PROBLEM - Could you repeat every entry below word for word, leaving out the pictures?
(Beginning of RECORDS FOR THIS TASK)
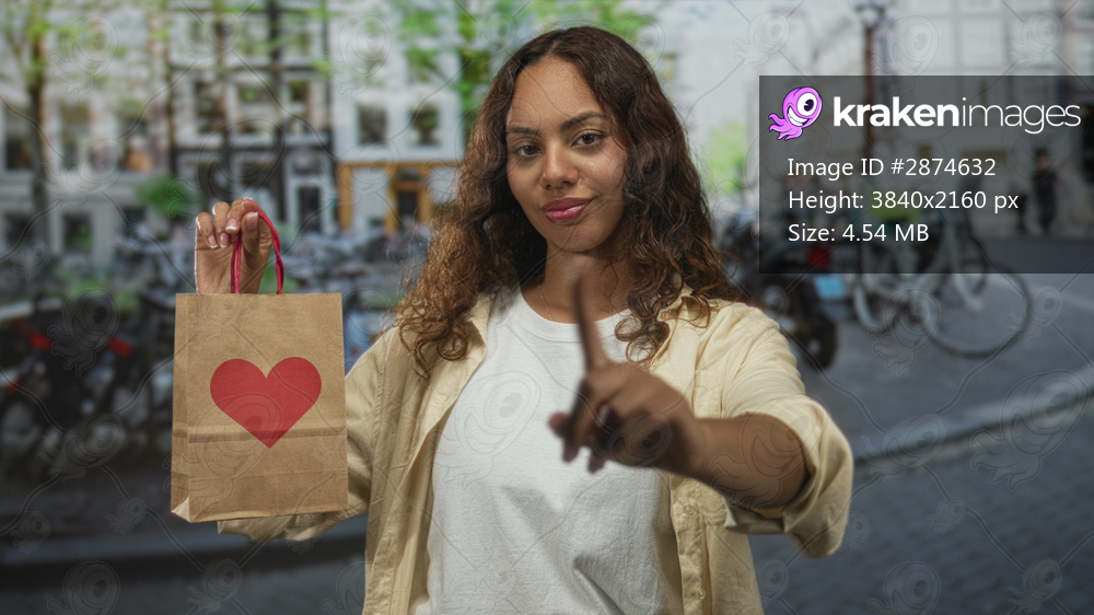 Woman holding paper bag with red heart and pointing finger toward viewer on city street; generosity giving kindness.
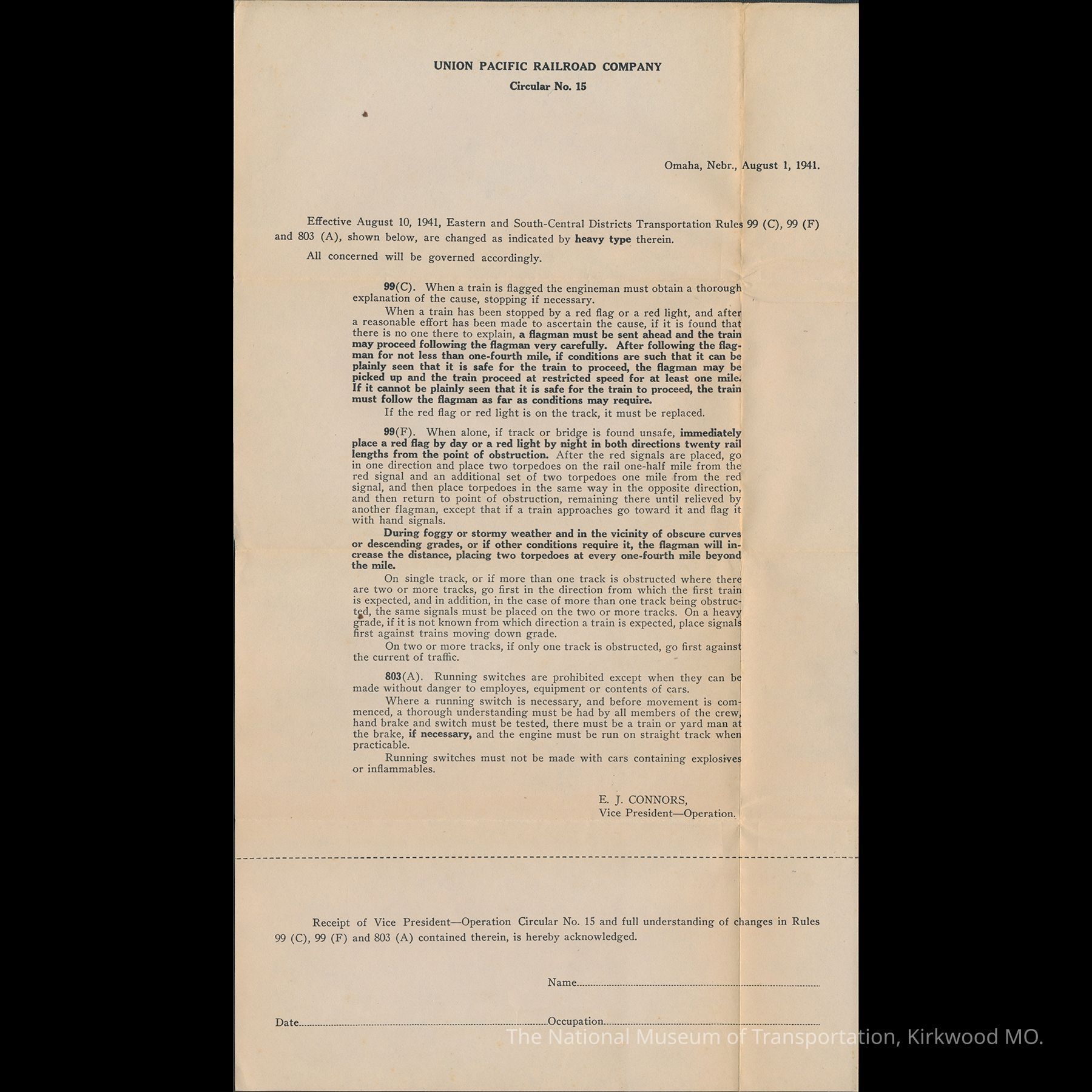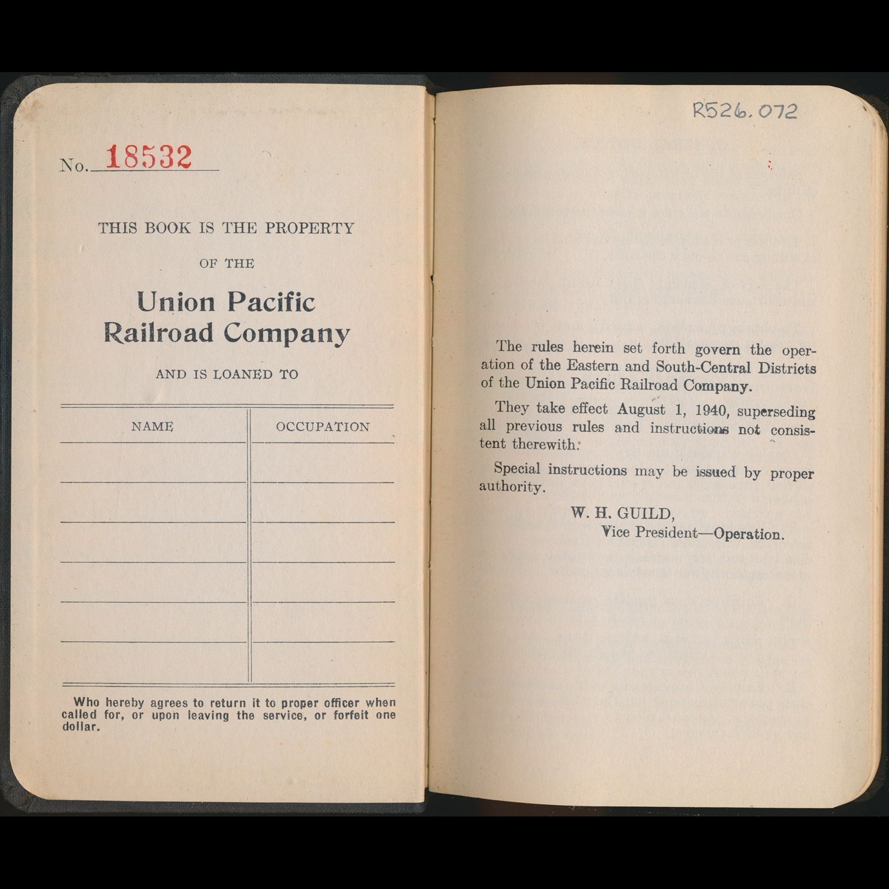 Rules and Instructions of the Transportation Department. Effective August 1, 1940.Entry/Object ID
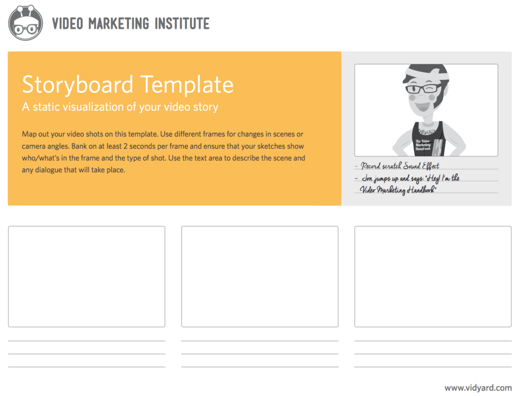 - Шаблоны раскадровки, например, этот для Google Slides или этот от Vidyard
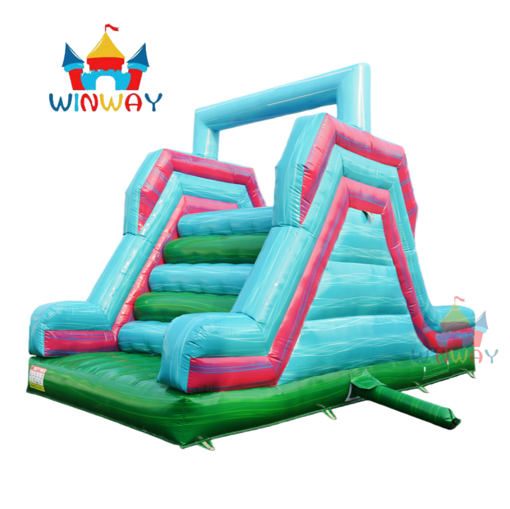 Prix d'usine, toboggan gonflable irisé, combinaison d'échelle d'escalade et de toboggan sec, ensemble de toboggan d'escalade bleu vert, jeu pour enfants pour location de fête
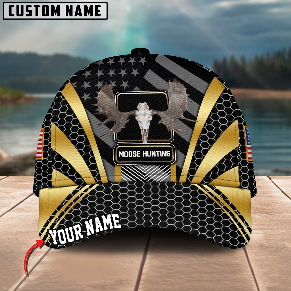 BlueJose Moose Hunting Hexagon Pattern Multicolor Personalized Name 3D Cap (4 Colors)
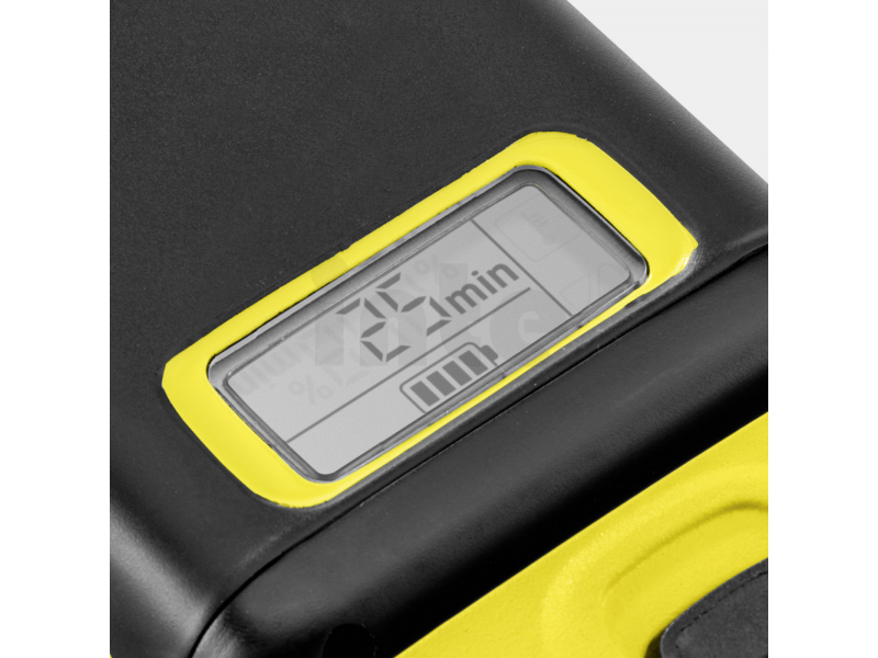 Vyměnitelná baterie Kärcher 36 V / 2,5 Ah je vhodná pro použití ve všech zařízeních platformy Kärcher 36 V Battery Power. Díky Real Time Technology s LCD displejem je vždy zobrazena zbývající provozní doba, zbývající doba nabíjení a stav nabití - v závislosti na použitém zařízení. Vysoce výkonné lithium-iontové články poskytují konzistentní výkon a zajišťují, že se akumulátor nevyprázdní nebo neztratí svou kapacitu v důsledku častého částečného vybití (paměťový efekt).
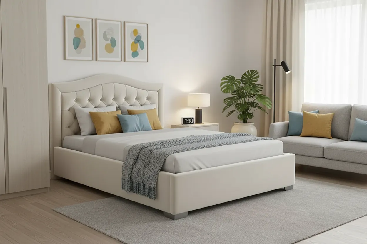 Классическая мягкая кровать Эстела с каретной утяжкой и закругленной спинкой — это настоящее олицетворение элегантности и комфорта. Каждая деталь продумана до мелочей. Каретная утяжка добавляет нотки винтажной изысканности, а закругленная спинка создает ощущение уюта и защищенности. Кровать Эстела превращает сон в произведение искусства, напоминая о классике и вечных ценностях красоты и гармонии.
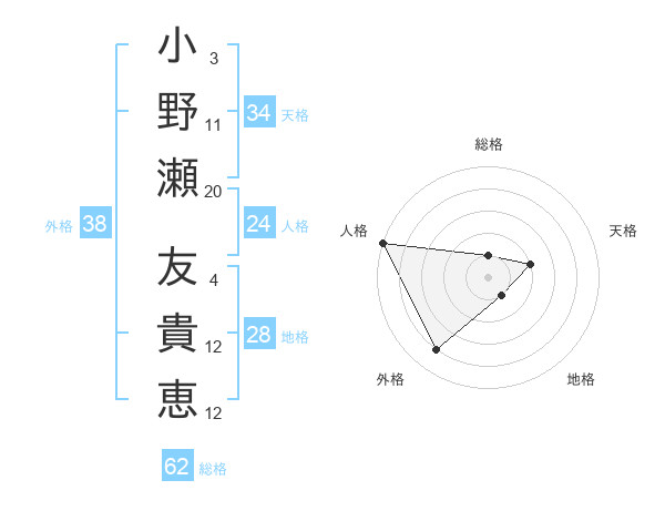 小野瀬 友貴恵さんの外格は38画の4点
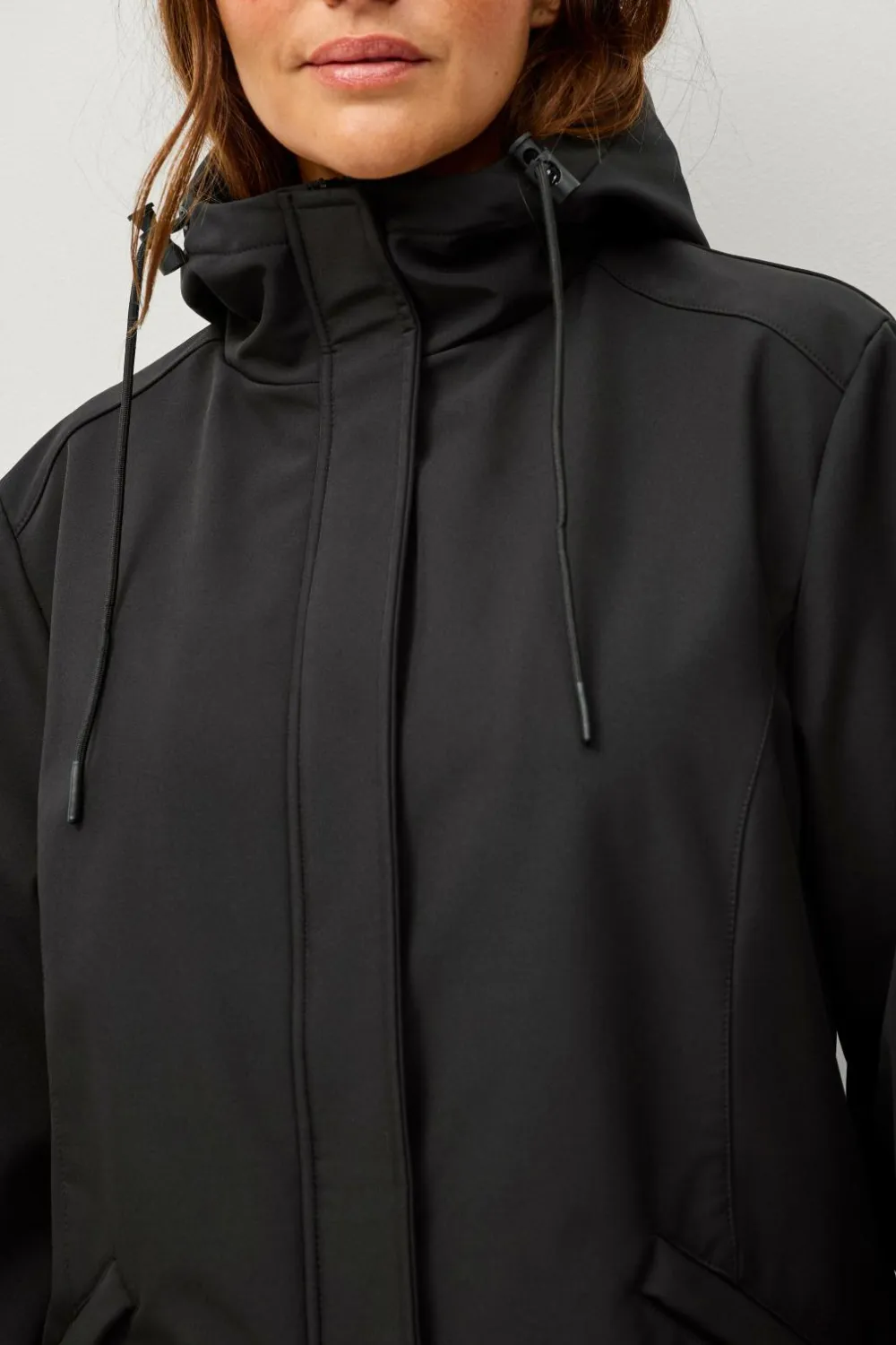 • Hætte med træksnørre
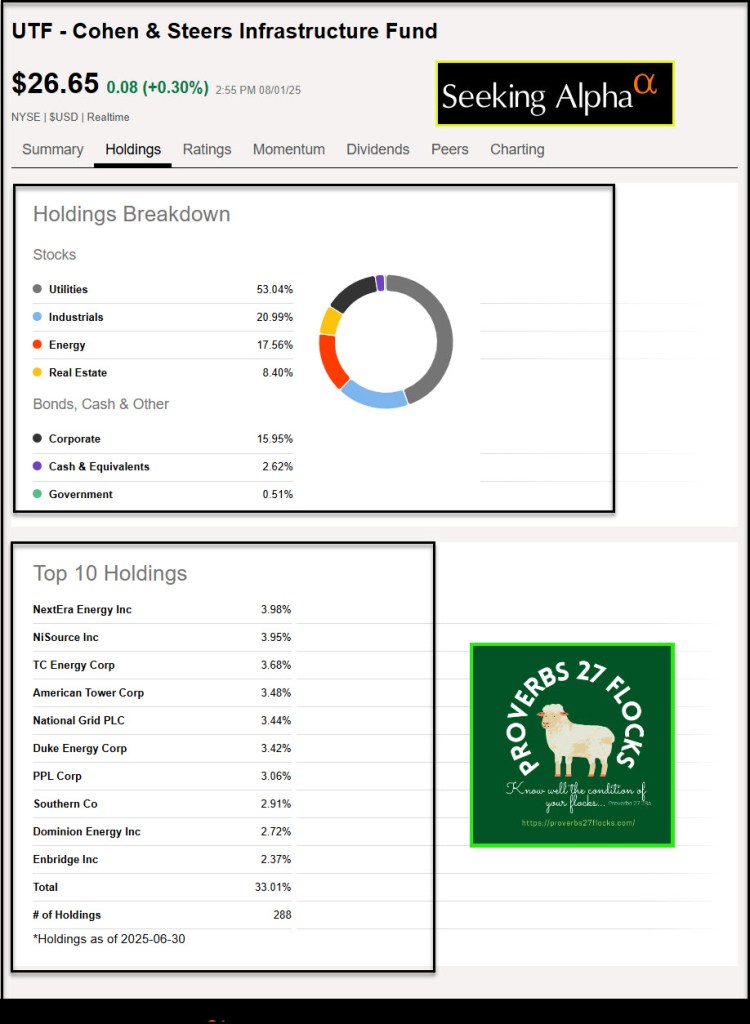 Finally, I would not convert UTF to my ROTH if I did not expect the shares to increase in value. Admittedly this won’t be a huge increase, as UTF is primarily a current income investment rather than a growth investment. However, with a yield of 7.0%, holding UTF is far better than cash in a money market account or in CDs.
(End of RECORDS FOR THIS TASK)
RESPONSE TO THE TASK -
 Woman holding paper bag with red heart and pointing finger toward viewer on city street; generosity giving kindness.
 Rules and Instructions of the Transportation Department. Effective August 1, 1940.Entry/Object ID
 - Шаблоны раскадровки, например, этот для Google Slides или этот от Vidyard
 Prix d'usine, toboggan gonflable irisé, combinaison d'échelle d'escalade et de toboggan sec, ensemble de toboggan d'escalade bleu vert, jeu pour enfants pour location de fête
 BlueJose Moose Hunting Hexagon Pattern Multicolor Personalized Name 3D Cap (4 Colors)
 Vyměnitelná baterie Kärcher 36 V / 2,5 Ah je vhodná pro použití ve všech zařízeních platformy Kärcher 36 V Battery Power. Díky Real Time Technology s LCD displejem je vždy zobrazena zbývající provozní doba, zbývající doba nabíjení a stav nabití - v závislosti na použitém zařízení. Vysoce výkonné lithium-iontové články poskytují konzistentní výkon a zajišťují, že se akumulátor nevyprázdní nebo neztratí svou kapacitu v důsledku častého částečného vybití (paměťový efekt).
 Классическая мягкая кровать Эстела с каретной утяжкой и закругленной спинкой — это настоящее олицетворение элегантности и комфорта. Каждая деталь продумана до мелочей. Каретная утяжка добавляет нотки винтажной изысканности, а закругленная спинка создает ощущение уюта и защищенности. Кровать Эстела превращает сон в произведение искусства, напоминая о классике и вечных ценностях красоты и гармонии.
 小野瀬 友貴恵さんの外格は38画の4点
 • Hætte med træksnørre
 Finally, I would not convert UTF to my ROTH if I did not expect the shares to increase in value. Admittedly this won’t be a huge increase, as UTF is primarily a current income investment rather than a growth investment. However, with a yield of 7.0%, holding UTF is far better than cash in a money market account or in CDs.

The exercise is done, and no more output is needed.